There's some static on the line

The concept of internet versus television brings up an important difference in video game advertising - static versus dynamic ads. Things like product placement constitute a static ad, which has a certain appeal. As mentioned, it's a one-time fee, which means that for an advertiser it's an easy figure to swallow. For a publisher, it provides an immediate cash injection, rather than an aggregate cash flow. If we look at Ubisoft's Splinter Cell: Chaos Theory again, the Axe ad is static. No matter what country or when you buy it, you'll see this product.

Static ads have a "break even point" where the cost for the ad is paid for. If sales of the game do well, a company receives more eyes viewing it than they ended up paying. If the game sales are abysmal, an advertiser may find that he or she gave the publisher more money than the return interest warranted.

What the market will bear A dollar for your time... What the market will bear A dollar for your time...
Left - 24 features Apple products placed throughout the show.
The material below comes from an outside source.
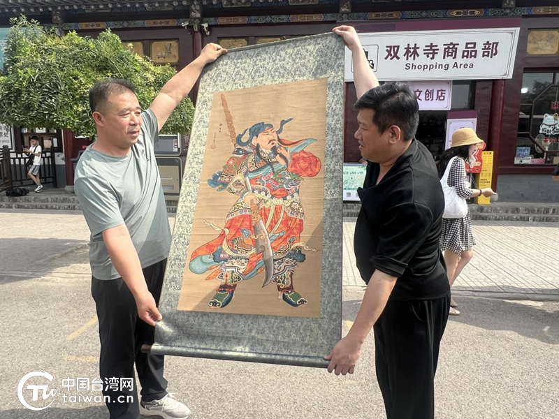 7月25日,在双林寺,画家程永昌将自己精心绘制的手工布画送给台湾青年李东宪。(中国台湾网记者 孙路路 摄)

Right - The game Second Life is filled with dynamic advertising
In contrast, dynamic ads favour an advertiser. The advertiser purchases so many "views" of a particular product, and the ad will run until that number of views is exhausted. This is the concept that most websites run on, and is very successful for time-dependent advertising. Let's take Second Life as an example: there are posters and signage in several places that advertise movies. If a movie is already released, the advertiser can instead purchase new advertising for a separate film, or discontinue it altogether.

Though this ad favours the advertiser getting his or her money's worth, it rarely allows for much more. Because ads are paid "per view," they require constant upkeep and payments to keep them in the public eye. Contracts are only for finite views, so even if the game ends up selling like crazy, an advertiser is only afforded so many pairs of eyes.

The world is a target

We briefly touched upon the concept of geo-targeting above, which many of you will immediately recognize requires some level of personal information like your IP address. This is indeed a unique identifier and can tie you individually (roughly) to the particular experience, and it has privacy activists everywhere throwing fits. Is your data collected?

Well, yes and no. The truth is, much like Google, IGA is something called an "above-line" advertisement strategy. The information is collected to target the ads in the first place, but then it's stored to be combed through on a macro level to develop statistics, nothing more. Believe it or not, nobody that is participating in this type of advertising wants your home address or cares what music you listen to after your game is shut off - the concept of "spyware" is a bit of a misnomer.

In-game advertising (at least in its current form) is no more dangerous or personally identifying than typing something into your favourite search engine. The information is only useful from a much wider angle than "below-line" advertising, which seeks to form some level of personal rapport with the viewer or initiate contact. In fact, IGA even offers some benefits to programmers - THQ recently discussed that in-game advertising that records viewing angle and time allows the company to look at weak level design. If you're staying too long in the same place, whether using it for a locational advantage or stuck due to a faulty map, the company can evaluate that and either offer patches or reconsider its future designs.